HiveBrain v1.2.0
Get Started
← Back to all entries
patternMinor

Proper technique for storing users event data

Submitted by: @import:stackexchange-dba··
0
Viewed 0 times
techniquedataforproperusersstoringevent

Problem

I am mostly a self-taught when it comes to database designs. I am posing this question because I have settled on this common structure, but am wondering if it is the most efficient or 'industry standard' method.

Most databases I design have a user table, and then a persons activty is tracked in another table. I understand that the beauty of the database is to have these sorts of efficiencies, but the activity table will gather many many events fairly quickly just from every user using it regularly, thus becoming a huge table fairly quickly with moderate user usage. Is this best practice to just let it grow in this way? Or is a tier of tables, or splitting to different tables based on dates, or per amount of users, or something else?

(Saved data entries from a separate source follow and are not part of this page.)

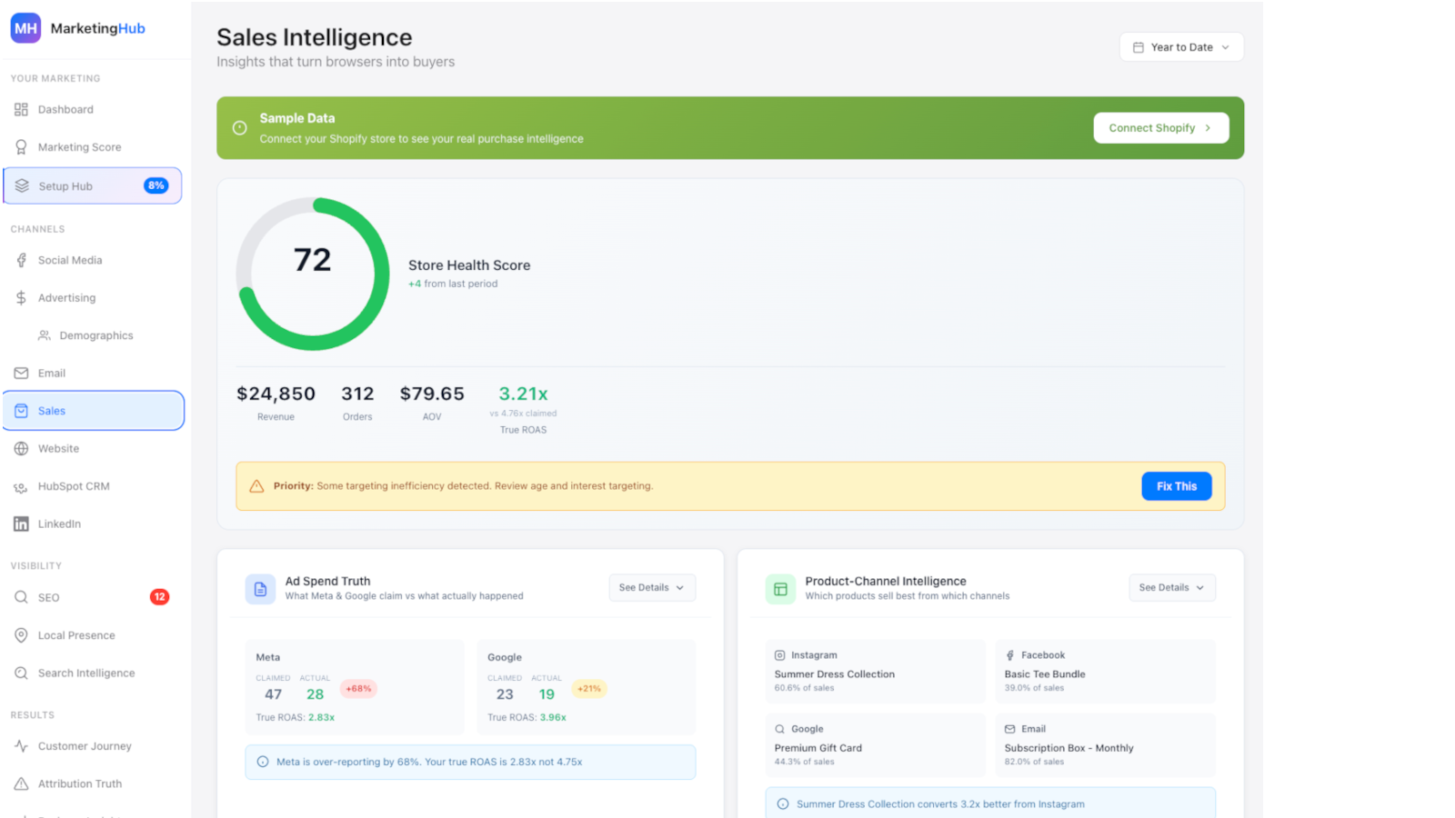 Well Media Agency Marketing gives Shopify merchants insights into which marketing activities are generating sales. We pull data from Meta, Google, TikTok, email providers, and your store into one place. Track follower growth, ad spend, email performance, and revenue side by side. See attribution the way it really happened, not how ad platforms want you to see it. Built for busy store owners who need answers. Connect once, get insights daily.
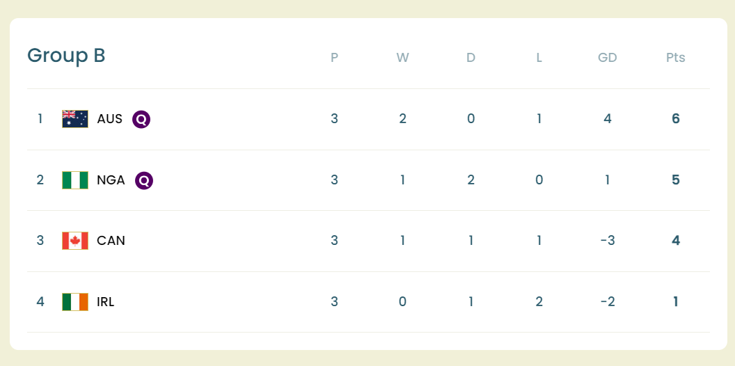 Bảng xếp hạng chung cuộc bảng B World Cup nữ 2023
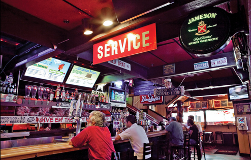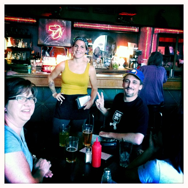 To call that order, ok, here we go. 3 BRATS, 3 STEAKS, 2 WITH, A BRAT COMBO TO RIDE, 1 FRY TO RIDE, 3 FRIES, ORDERING! And then you hadda listen, hear, and also listen and hear the pile swarm pushing crowd calling for food. Those on the grill, they called it back 3 BRATS, 3 STEAKS, 2 W CHEESE, A BRAT COMBO TO RIDE, 1 FRY TO RIDE, 3 FRIES, no name, you knew it was yours by memory and you grabbed it. Then push it forward, reach for the money, big smile, tight t-shirt, cash drawer bangs open, change returned, all math in your head, and SHUT, tip? tip? tip?, aww we pool em, in we go. Next!
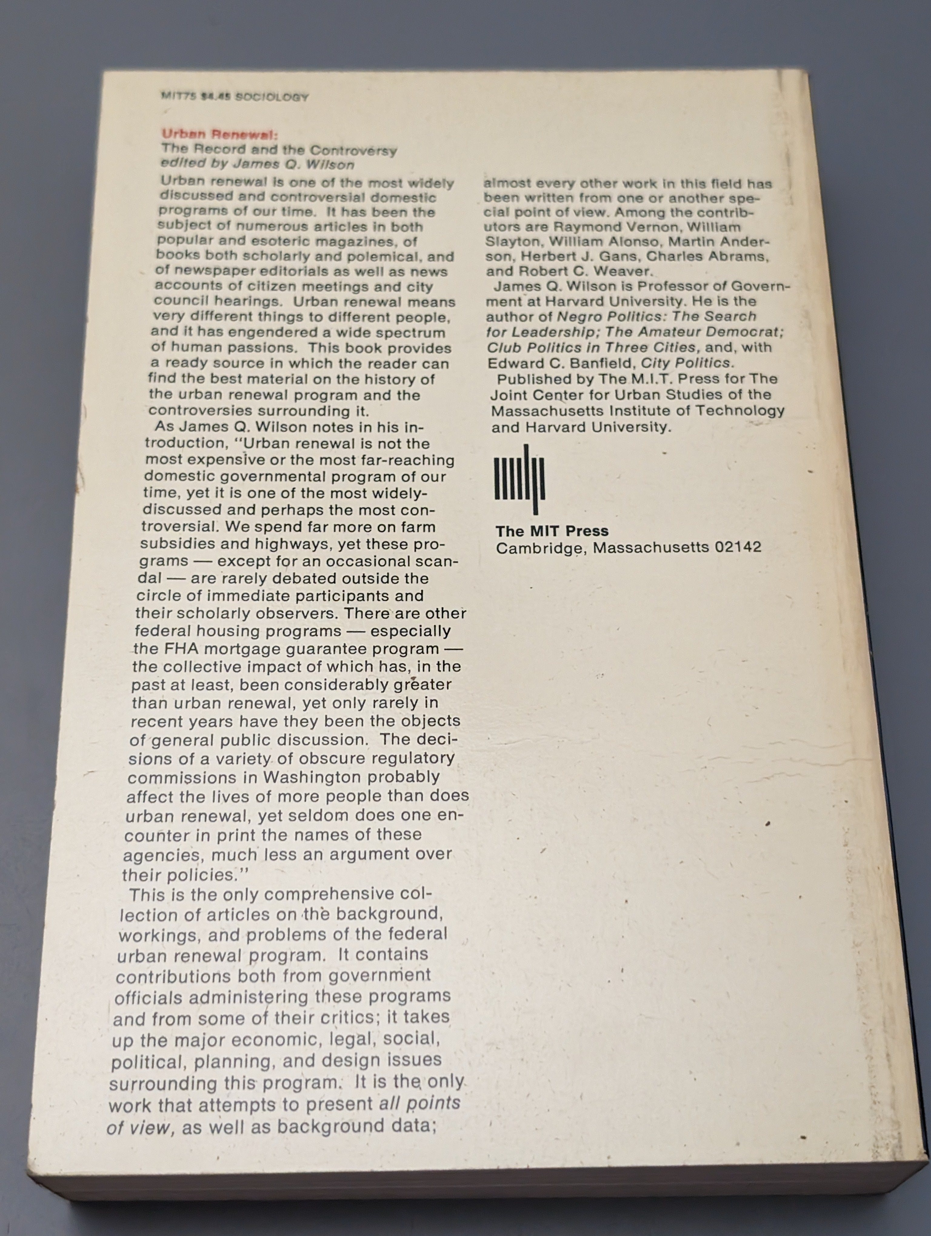 Urban Renewal: The Record and the Controversy by Wilson, James 1966 SEE PICS RARE is backordered and will ship as soon as it is back in stock.

+--------------------+                   +------------------------+
|   UserData         |                   |   Activity             |
+-=------------------+                   +------------------------+
| ID     (auto uint) |  | UserID (uint)          |
| Email    (text)    |                   | Timestamp (time)       |
| additional info... |                   | Type (ID to elsewhere) |
+--------------------+                   | additional info...     | 
                                         +------------------------+


I just would like to know of where I can improve anything, as to help me learn.

Solution

You have made a very good observation. The Activity table will grow fast and large. What I have done in the past is archive off the older data (say older than 14 days) to an ActivityHistory table. Doing so keeps the Activity table to a manageable size and if you need to do research you can always look back at the ActivityHistory table.

Context

StackExchange Database Administrators Q#4040, answer score: 6

Revisions (0)

No revisions yet.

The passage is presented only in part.